Jack Murphy hadn’t intended to go looking for the wounded man. He couldn’t hear him now, and it was likely that he had finally died, but for which heartfelt cause, Jack couldn’t say. The soldier they all heard calling from the battlefield could be one of their own or one of the Rebels—or it could be a ruse engineered by either side to draw some gullible soldier into the open.

He stopped crawling and listened intently. It wasn’t gullibility that had brought him out here, and it had nothing to do with the Golden Rule Father Bartholomew and the Sisters at the orphan asylum had done their best to teach him. His hands were still shaking badly, and he simply hadn’t wanted the others to see him like this. He was Jeremiah “Jack” Murphy, and Jack Murphy’s hands never shook.

The sweet, dank smell of scarred earth rose up from the ground beneath him, land that should have been plowed for spring planting by now, not fought over and bled on. He could hear his comrades in the distance, the quiet murmur of their voices. Every now and then, one of them laughed despite their recent ordeal. Little Ike was finally reading his letter from home, sharing it with the others. Jack envied him that letter. It had been a long time since he himself had gotten one from the only person who ever wrote to him, Elrissa Suzanne Barden, the girl who had promised to marry him when the war was over. The irony was that he hadn’t wanted to go to war at all. He’d enlisted because so many of the boys he’d grown up with in the orphanage had already joined. He’d always looked out for them; most of them had been culled from the dirty backstreets of Lexington as he had. They looked up to him. He couldn’t let them deliberately go into harm’s way without his overseeing the effort. He gave a quiet sigh. So many of them dead now, despite his determination to keep them all safe and together, their faces coming to him whenever he was on the verge of sleep, faces of the boys who had too quickly become men and then were gone. A line of clouds moved across the moon. He lifted his head, trying to see in the darkness. He couldn’t detect any movement, couldn’t hear any sound. Most certainly the wounded man had died.

His hands were steadier now, the tremors fading as they always eventually did. There was no reason for him to stay out here. He’d made what must at least seem like a humane gesture, and now he could go back. He could eat some hardtack and wish he had coffee to soften it. He could make Little Ike reread his letter. He could think about Miss Elrissa Barden standing in lantern light on a dark and windy railroad platform and try to remember her pretty face.

“Wait,” a voice said distinctly when he began to move to what he hoped was a less conspicuous place. The voice was close by, and he turned sharply in that direction.

“Will you...wait?” the man asked.

Jack made no reply. He was still trying to get his bearings. Where—and how close—was he? And how close was his musket?

“Please,” the voice said, feebler now. “I don’t...”

The moon appeared from behind the clouds, and Jack could just make him out in the semidarkness. Surprisingly, he was sitting upright, leaning against the wheel of a broken caisson.

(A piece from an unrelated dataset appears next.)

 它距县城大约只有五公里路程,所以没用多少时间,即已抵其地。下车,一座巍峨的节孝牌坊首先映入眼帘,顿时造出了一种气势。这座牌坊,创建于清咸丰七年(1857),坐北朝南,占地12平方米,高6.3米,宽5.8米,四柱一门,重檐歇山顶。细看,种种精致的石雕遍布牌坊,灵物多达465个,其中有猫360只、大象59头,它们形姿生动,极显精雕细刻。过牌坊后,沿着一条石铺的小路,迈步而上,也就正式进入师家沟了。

And he was farther out into the open field than Jack was willing to go.

“Wait!” the man said sharply when Jack was about to move away again. “I’m shot. Don’t leave me...out here. Please...”

Jack hesitated, his head bowed. This man was nothing to him. Nothing. For all he knew, he was the one who had shot him.

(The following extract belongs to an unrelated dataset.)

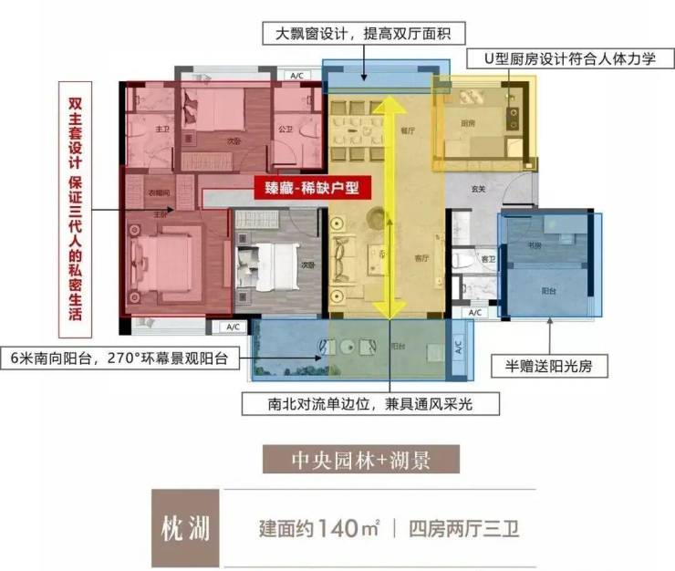 【140㎡四房二厅二卫】四房双主套,6米大阳台,望湖极致景观面!!

The soldier was weeping now, his sobs carrying eerily into the night. Jack waited, knowing if he waited long enough, he wouldn’t have to make the choice.

“Have...mercy...” the man said, the words suddenly lost in a near animal-like moan.

Jack clenched his fists. How many times had he been in this kind of situation no matter where he found himself? The orphanage. Mr. Barden’s dry goods store. The army. Always when he least expected it, a sudden choice between right and wrong would be staring him right in the face. It was as if his life were some kind of classroom, one where he was supposed to learn the principles of moral rectitude—and he was always getting called on.